Gordon Korman is a very popular author at my school, based on what I see in my classroom and in the school library. I have to admit that I had never read any of his books until now, but this one has a robot on the front, so it made into the “Books I Intend to Read Over Summer Vacation” box that I brought home from school a few weeks ago. (Robots, big yes!) Ungifted reminded me of a student that I know…
Donovan Curtis is a bit of a troublemaker with a reputation at his middle school. He’s impulsive. He acts first, thinks later. So on the day of the big basketball game when he’s already in the office for another offense he committed, he can’t NOT help himself to the unattended PA system where he offers up a cheer against his own team! Next, he ditches detention with the encouragement of his best friends, and as they are leaving campus yet another incident occurs. This time Donovan gets busted by the superintendent himself, and there is a great amount of property damage done to the school.
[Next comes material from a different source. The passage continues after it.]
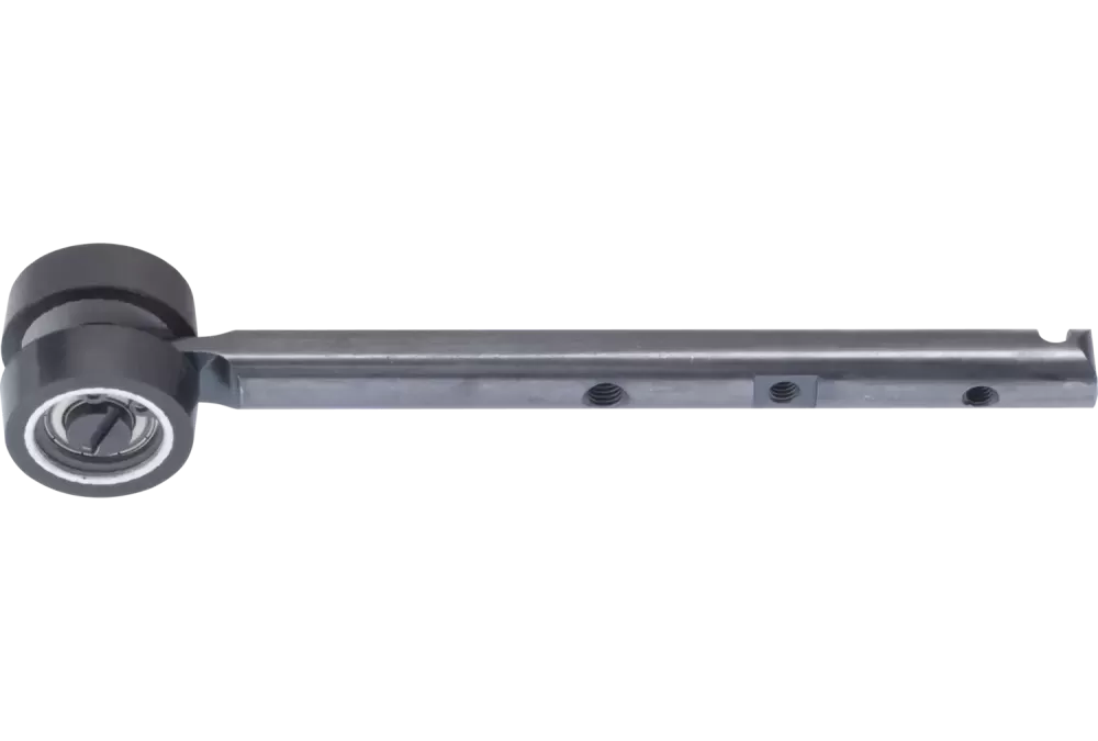 Ramię przystawki szlifierki taśmowej o rozmiarze rolki 23 × 24 mm do taśm o długości 480 mm i szerokości 25 mm.

Oddly, Donovan does not get called up to the office to deal with his crime. Instead, he receives a letter in the mail that lets his family know that he’s been accepted into the special academy for gifted students. His parents are confused, but thrilled nonetheless, and Donovan realizes that this paperwork mixup is his opportunity to go into hiding. If the superintendent can’t find him, then he and his family won’t have to pay for all the damage his last prank caused. Off to gifted school!
It become obvious that Donovan is not like the other children at his new school. He knows, it, the other kids know it, the teachers know it, but everyone is surprisingly patient with him as they wait for whatever his intellectual talents are to reveal themselves. There is a very rigorous testing procedure in place to qualify for this school, so either he’s super smart (but unmotivated) or clever enough to cheat the system, so they make him take the admissions test again. In the meantime, Donovan has found a place on the robotics team and he is slowly becoming invested in something bigger than himself. Maybe there is more to school than just begin the biggest goof-off!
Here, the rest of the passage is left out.